• _Work required_:
Using the records below, transcribe word for word the stretch from the line that contains "1-комнатная квартира по" through the line that contains "- تیک گزینه", both end lines included, and nothing else.

• _Exercise inputs_:
++++++

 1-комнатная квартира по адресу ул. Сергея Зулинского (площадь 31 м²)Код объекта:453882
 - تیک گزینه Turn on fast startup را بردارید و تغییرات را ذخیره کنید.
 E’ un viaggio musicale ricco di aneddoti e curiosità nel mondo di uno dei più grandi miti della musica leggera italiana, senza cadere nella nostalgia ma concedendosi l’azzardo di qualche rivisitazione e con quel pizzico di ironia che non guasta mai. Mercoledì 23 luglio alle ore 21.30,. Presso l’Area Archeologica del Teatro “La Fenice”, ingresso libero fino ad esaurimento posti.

++++++

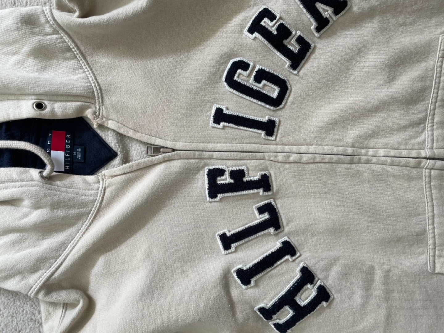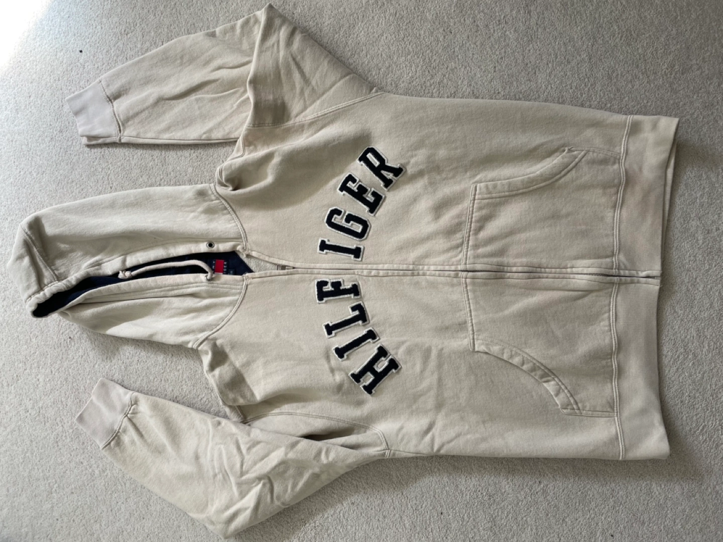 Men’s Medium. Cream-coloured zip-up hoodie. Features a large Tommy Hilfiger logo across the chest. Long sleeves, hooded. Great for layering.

++++++

• _Answer section_:
 1-комнатная квартира по адресу ул. Сергея Зулинского (площадь 31 м²)Код объекта:453882
 - تیک گزینه Turn on fast startup را بردارید و تغییرات را ذخیره کنید.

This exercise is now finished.